Western blot analysis.

Equal amounts of lysates (30–50ug) were electrophoresed and transferred onto polyvinylidene difluoride (PVDF) membranes. The membranes were subsequently blocked in 5% milk in TBST, and probed with primary antibodies at 4°C overnight. Antibodies are listed in Supplementary Table 3.

ELISA and Immunocytochemistry.

(ICC)The VEGF-C (MyBioSource, MBS2600109), Shh (R & D systems, MSHH00), Ihh (Abclonal, RK02929) and Dhh (Aviva, OKEH03264) levels in the conditioned media were measured using ELISA, according to manufacturer’s instructions. Conditions of ICC can be found in the Supplemental Methods.

GLI reporter assays.

GLI reporter assays were performed as previously described [14]. Details can be found in Supplemental Methods.

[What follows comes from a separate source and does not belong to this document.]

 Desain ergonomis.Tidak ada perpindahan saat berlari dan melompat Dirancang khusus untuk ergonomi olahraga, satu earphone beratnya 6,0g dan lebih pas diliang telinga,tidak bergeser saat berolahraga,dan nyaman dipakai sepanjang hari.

Cell proliferation assays.

For CellTiter-Glo assays, 1500 cells incubated with various CMs were plated in 96-well plates. Day 0 time point was measured 6h post plating. Following 24-, 48-, 72- or 96-hours of incubation, day1–4 time points were analyzed. 100 μl of CellTiter-Glo® Reagent (Promega Corporation, G9241) was added to each well and incubated at room temperature for 30 mins and luminescence was measured. Incucyte assays are described in detail in the supplemental methods.

Migration and invasion assays.

Cell migration and invasion assays were performed as previously described [14].

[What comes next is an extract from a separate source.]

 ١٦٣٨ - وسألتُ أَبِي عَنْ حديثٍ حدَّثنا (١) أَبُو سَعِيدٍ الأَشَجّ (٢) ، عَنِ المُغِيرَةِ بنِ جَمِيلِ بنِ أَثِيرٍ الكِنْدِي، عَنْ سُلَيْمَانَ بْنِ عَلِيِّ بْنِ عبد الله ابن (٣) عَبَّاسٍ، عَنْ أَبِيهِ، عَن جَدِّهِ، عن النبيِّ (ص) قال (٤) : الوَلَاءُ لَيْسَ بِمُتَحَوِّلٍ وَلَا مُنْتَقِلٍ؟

Flow cytometry assays for NRP2.

Cells were harvested and stained with human/mouse Neuropilin-2 APC-conjugated antibody (R&D, FAB22151A) according to the manufacturer’s instructions. The NRP2 level on the surface was detected using flow cytometry.

In Vivo Experiments.

Five to 6-week-old female athymic NCr-nu/nu and FVB mice were purchased from Charles River Labs and maintained under Specific Pathogen-Free (SPF) conditions. All animal protocols were reviewed and approved by the Institutional Animal Care and Use Committee at University of Colorado Anschutz Medical Campus. Specific details about the individual animal experiments can be found in the supplemental methods.

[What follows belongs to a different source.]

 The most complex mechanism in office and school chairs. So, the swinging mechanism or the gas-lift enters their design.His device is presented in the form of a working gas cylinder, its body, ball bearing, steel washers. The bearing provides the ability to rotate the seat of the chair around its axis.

Pairwise gene correlation using TCGA BRCA dataset

Degree of relationship between VEGFC expression and all other genes was performed by calculating a Pearson correlation coefficient between z-score converted VEGFC expression and gene y for all genes mapped in the TCGA BRCA data set. Pearson correlation coefficients for all genes were subsequently ranked, and GSEA was performed on the ranked list of genes using the MSigDB Hallmarks gene set collection..

Statistical analysis.

Statistical analyses for all studies are outlined in the supplemental methods.